• Work request
Word-for-word reproduction, images excluded: copy every entry below.

*** Material for the task ***

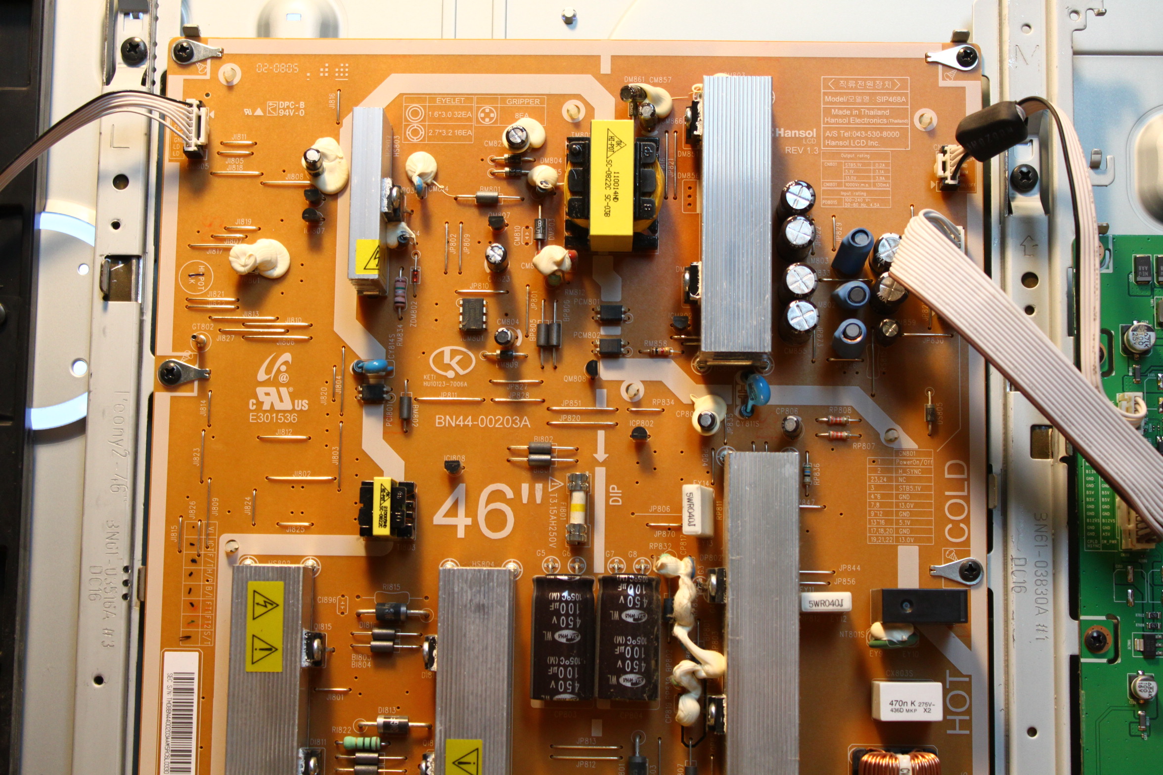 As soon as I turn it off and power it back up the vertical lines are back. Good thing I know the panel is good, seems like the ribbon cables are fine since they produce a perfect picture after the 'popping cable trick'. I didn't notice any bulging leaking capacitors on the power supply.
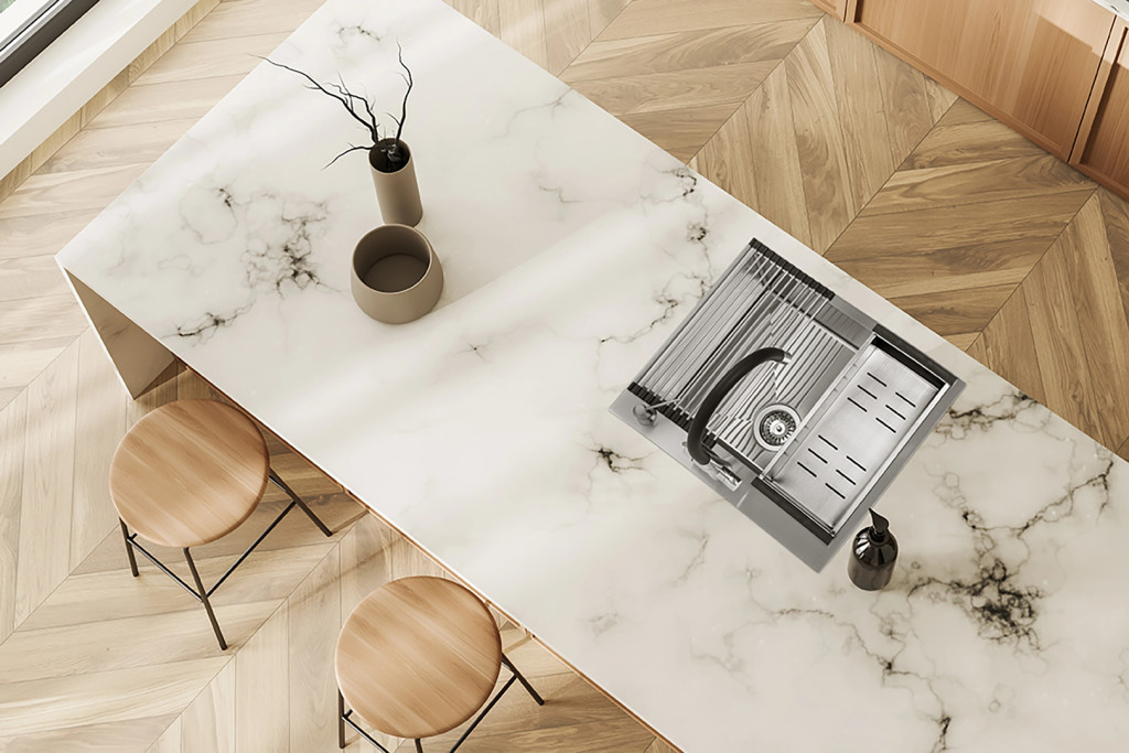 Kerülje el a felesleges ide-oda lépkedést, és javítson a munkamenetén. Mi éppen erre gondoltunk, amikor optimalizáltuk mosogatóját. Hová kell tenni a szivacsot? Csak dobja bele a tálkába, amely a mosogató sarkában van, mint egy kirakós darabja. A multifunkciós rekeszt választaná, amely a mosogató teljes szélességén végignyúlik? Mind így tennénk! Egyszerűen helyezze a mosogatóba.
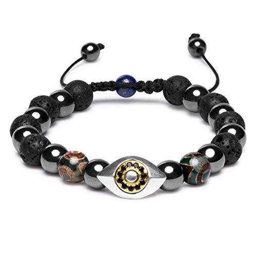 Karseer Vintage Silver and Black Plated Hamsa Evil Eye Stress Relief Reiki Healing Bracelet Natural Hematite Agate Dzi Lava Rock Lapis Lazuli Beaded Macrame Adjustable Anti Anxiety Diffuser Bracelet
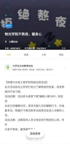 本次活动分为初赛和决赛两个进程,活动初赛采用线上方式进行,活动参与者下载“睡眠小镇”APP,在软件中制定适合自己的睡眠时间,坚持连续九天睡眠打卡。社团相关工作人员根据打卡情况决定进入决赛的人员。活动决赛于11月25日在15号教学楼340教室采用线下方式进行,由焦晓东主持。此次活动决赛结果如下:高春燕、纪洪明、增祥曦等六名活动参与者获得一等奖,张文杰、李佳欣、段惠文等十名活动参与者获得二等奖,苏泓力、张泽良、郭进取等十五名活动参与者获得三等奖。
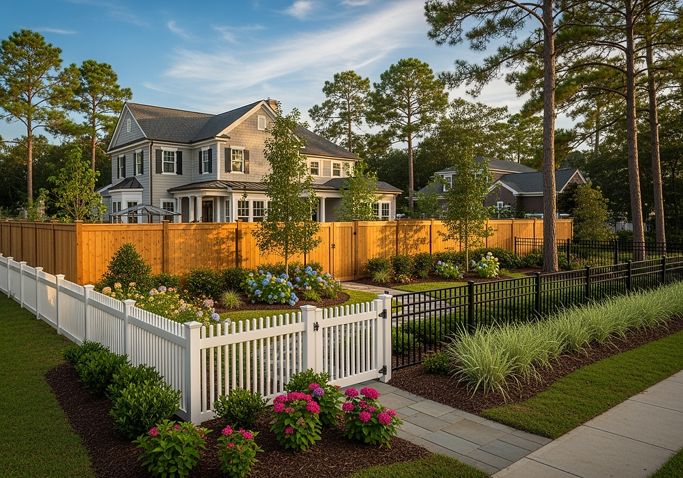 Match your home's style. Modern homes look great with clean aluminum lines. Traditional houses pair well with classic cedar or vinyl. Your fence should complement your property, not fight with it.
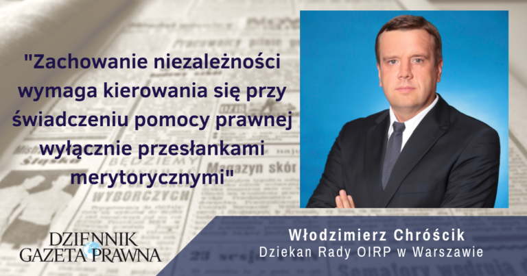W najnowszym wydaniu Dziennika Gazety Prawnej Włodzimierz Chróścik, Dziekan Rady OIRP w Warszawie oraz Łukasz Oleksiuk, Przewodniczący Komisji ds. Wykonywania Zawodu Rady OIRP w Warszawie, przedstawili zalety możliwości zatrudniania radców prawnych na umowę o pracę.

***

• Written answer
 As soon as I turn it off and power it back up the vertical lines are back. Good thing I know the panel is good, seems like the ribbon cables are fine since they produce a perfect picture after the 'popping cable trick'. I didn't notice any bulging leaking capacitors on the power supply.
 Kerülje el a felesleges ide-oda lépkedést, és javítson a munkamenetén. Mi éppen erre gondoltunk, amikor optimalizáltuk mosogatóját. Hová kell tenni a szivacsot? Csak dobja bele a tálkába, amely a mosogató sarkában van, mint egy kirakós darabja. A multifunkciós rekeszt választaná, amely a mosogató teljes szélességén végignyúlik? Mind így tennénk! Egyszerűen helyezze a mosogatóba.
 Karseer Vintage Silver and Black Plated Hamsa Evil Eye Stress Relief Reiki Healing Bracelet Natural Hematite Agate Dzi Lava Rock Lapis Lazuli Beaded Macrame Adjustable Anti Anxiety Diffuser Bracelet
 本次活动分为初赛和决赛两个进程,活动初赛采用线上方式进行,活动参与者下载“睡眠小镇”APP,在软件中制定适合自己的睡眠时间,坚持连续九天睡眠打卡。社团相关工作人员根据打卡情况决定进入决赛的人员。活动决赛于11月25日在15号教学楼340教室采用线下方式进行,由焦晓东主持。此次活动决赛结果如下:高春燕、纪洪明、增祥曦等六名活动参与者获得一等奖,张文杰、李佳欣、段惠文等十名活动参与者获得二等奖,苏泓力、张泽良、郭进取等十五名活动参与者获得三等奖。
 Match your home's style. Modern homes look great with clean aluminum lines. Traditional houses pair well with classic cedar or vinyl. Your fence should complement your property, not fight with it.
W najnowszym wydaniu Dziennika Gazety Prawnej Włodzimierz Chróścik, Dziekan Rady OIRP w Warszawie oraz Łukasz Oleksiuk, Przewodniczący Komisji ds. Wykonywania Zawodu Rady OIRP w Warszawie, przedstawili zalety możliwości zatrudniania radców prawnych na umowę o pracę.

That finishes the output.